A point to note, and which we will return to later, was that despite using the term “state-sponsored” CSA did not name the Advanced Persistent Threat (APT) group responsible.
The attack on SingHealth was part of a pattern of cyberattacks on Singapore orchestrated by APT groups, which were often state-backed groups with huge resources.
In 2017, before the SingHealth attack, the National University of Singapore (NUS) and the Nanyang Technological University (NTU) were targeted by APT groups looking for government and advanced research data.
The standard Singapore government response to APT attacks has been robust defence with a low-key public admission using words like “likely” and “maybe” to describe the origins of these hacking attempts.
That approach changed earlier this year.
In July, Singapore’s Coordinating Minister for National Security, K. Shanmugam, dropped the bombshell that the country’s critical infrastructure (CII) was being attacked by a highly sophisticated state-backed advanced persistent threat (APT) group classified as UNC 3886.
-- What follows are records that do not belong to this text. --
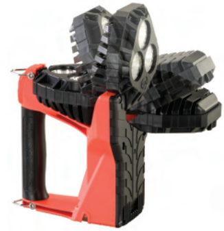
180° articulating head
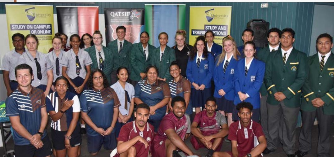
2019 QATSIF QCE Scholarship graduates in attendance at CQU Rockhampton North Campus.

QATSIF is also very grateful to the representatives from the Public Trustee head and regional offices who came along to present our graduation certificates on behalf of the Public Trustee of Queensland.
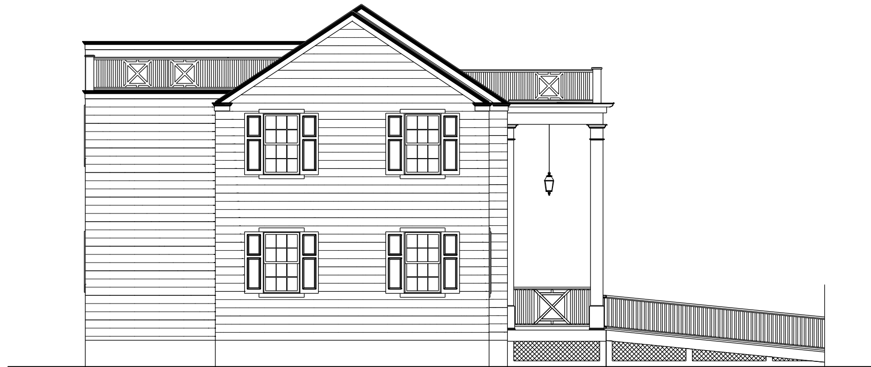
NORTH ELEVATION VILLAGE HALL VILLAGE OF SALTAIRE, N.Y. DRAFT PRINT 1-17-18
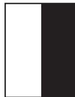
1/2 vertical 3 col. x 21" 7" x 21"
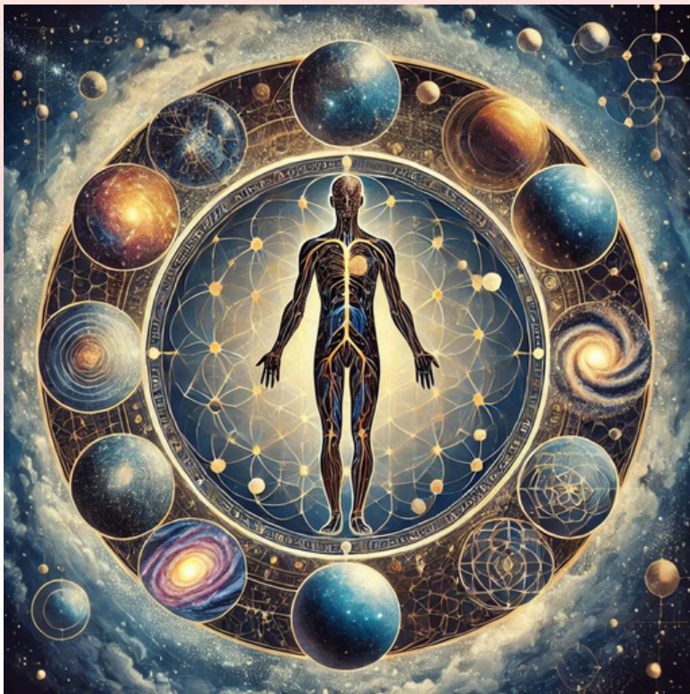
Intricate connection between Microcosm and Macrocosm

In Greek philosophy, they call this concept as macrocosm (universe) and microcosm (human body).

As we mentioned in our report, the naming of the APT group was significant because it had earlier been identified as being closely associated with Chinese government entities.
Our report speculated that the public attribution to cyber-attacks likely indicated a strategic shift, making Singapore more aligned with a global trend of naming and exposing sophisticated threat actors, particularly those suspected of being state-backed.
As GovInsider looks forward to the next decade, it's obvious to us that thanks to AI and agentic AI as well as general-purpose AI (GPAI), public sector innovation in Singapore and around the world will get even more exciting.
We look forward to reporting and commenting on that for the benefit of our readers.